Adios, Shyness
Overcoming shyness with the help of Holly Hunter and the heroines of Harry Potter.
The next party, as Holly Hunter, I tried a new tactic. I just kept asking people questions, for people just love to talk about themselves. And they thought I was great company just for listening and being interested—enthusiastically, like Holly, of course.
My social fears were subsiding. I won’t say that I didn’t feel awkward at first. Or didn’t make mistakes. But I kept practicing and learning about how to talk to different kinds of people. The invisible force that clamped my mouth shut got looser and looser, and my inner Draco started to give up, talking only in whispers.
My transformation didn’t happen overnight. It happened little by little. Sometimes I’d think I would never make it, but then I’d impress someone. People stopped avoiding me and my anxiety. Every time I practiced, I got better and more comfortable with my “lines and moves”. And I began to discover my own lines and moves that had been trapped inside. I no longer felt dread when invited to parties, clubs, and other crowd scenes. Instead I began to relish those invitations, looking forward to another chance to practice. I began to buy some new threads to better immerse myself in my new “role”. My confidence grew. I started to get books instead of movies from the library, so I’d have more to talk about.

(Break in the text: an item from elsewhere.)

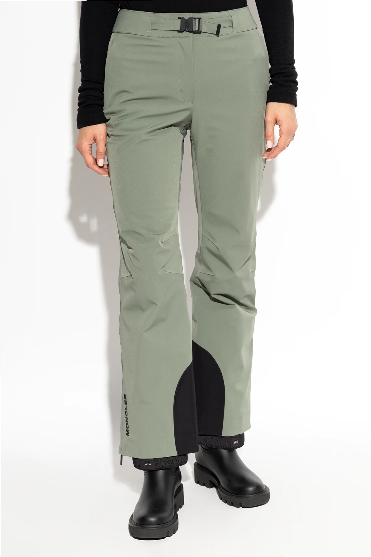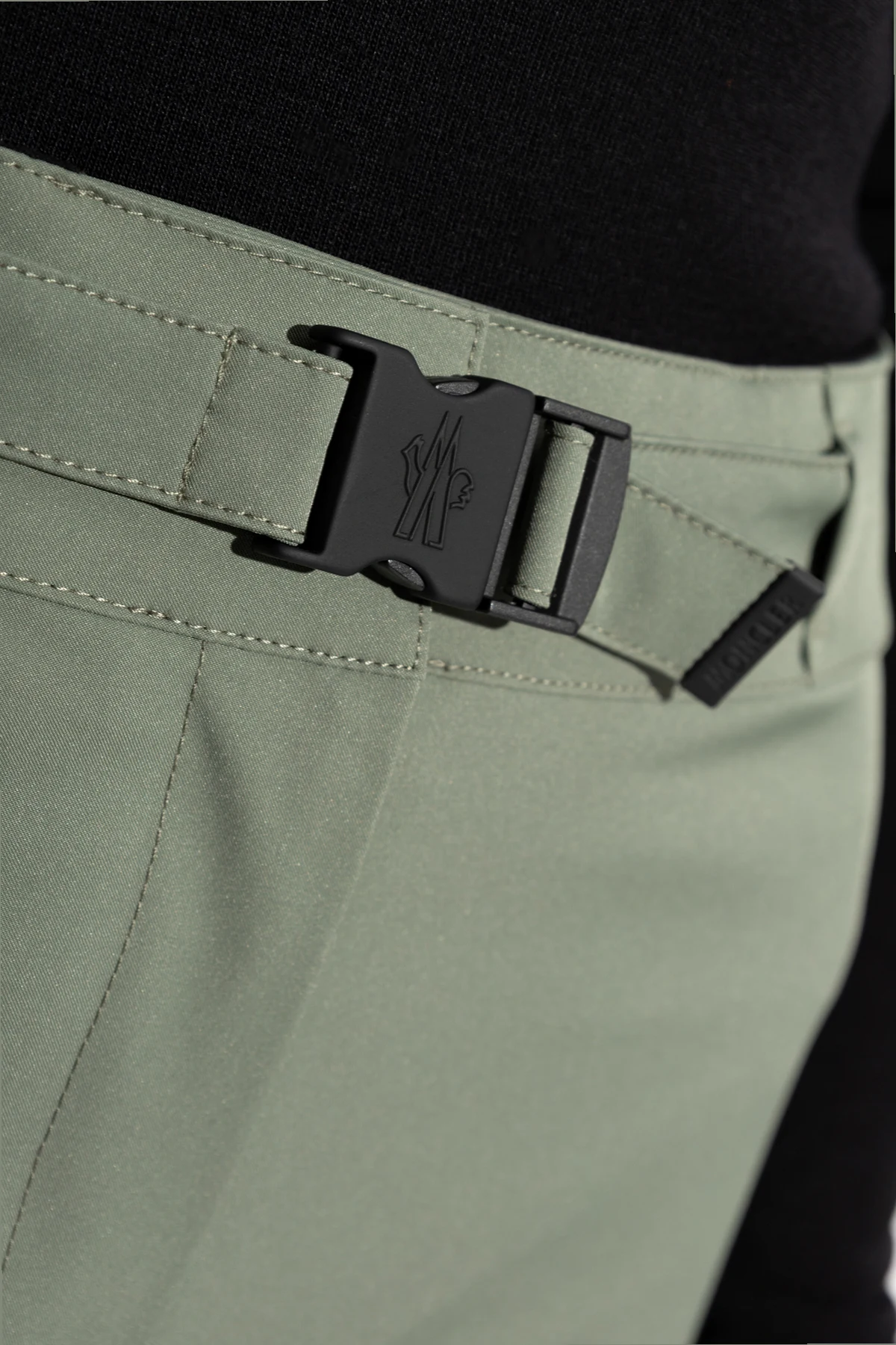 Introducing the MONCLER GRENOBLE HIGH PERFORMANCE ski pants, a quintessential piece from the exclusive Moncler Grenoble collection, crafted for those who seek both style and functionality on the slopes. Imbued with an elegant khaki hue, these pants are meticulously designed with a technical fabric blend, ensuring resilience against the elements while maintaining a sleek aesthetic. The classic ski silhouette features wide legs designed to effortlessly drape over ski boots, offering unrestrained movement. A sophisticated adjustable buckle at the waist, adorned with the subtle Moncler logo, accentuates the tailored fit, while black reinforcements at the cuffs provide added protection against snow and abrasion. Accentuated by the Moncler emblem at the hem, these pants are an ode to the brand’s commitment to high fashion and performance. With a zip, snap, hook, and belt closure, they promise both security and style, making them an indispensable addition to any winter wardrobe. Why Choose This Product? Exquisite design by Moncler Grenoble, a symbol of luxury and innovation. Technical fabric blend offering unmatched protection and comfort. Adjustable waist for a personalized fit. Functional and fashionable, perfect for avid skiers and style enthusiasts.

Then one day I realized the fear was completely gone. I had become the beautifully dressed, charming, loquacious person I had always wanted to be.
Epilogue: Over the years, I’ve also come to realize that socializing takes a lot of energy, so I’ve had to stay in shape. Also important, I had to reprogram myself to replace negative thoughts with positive, for my inner Draco thrives on the negative and hypercritical.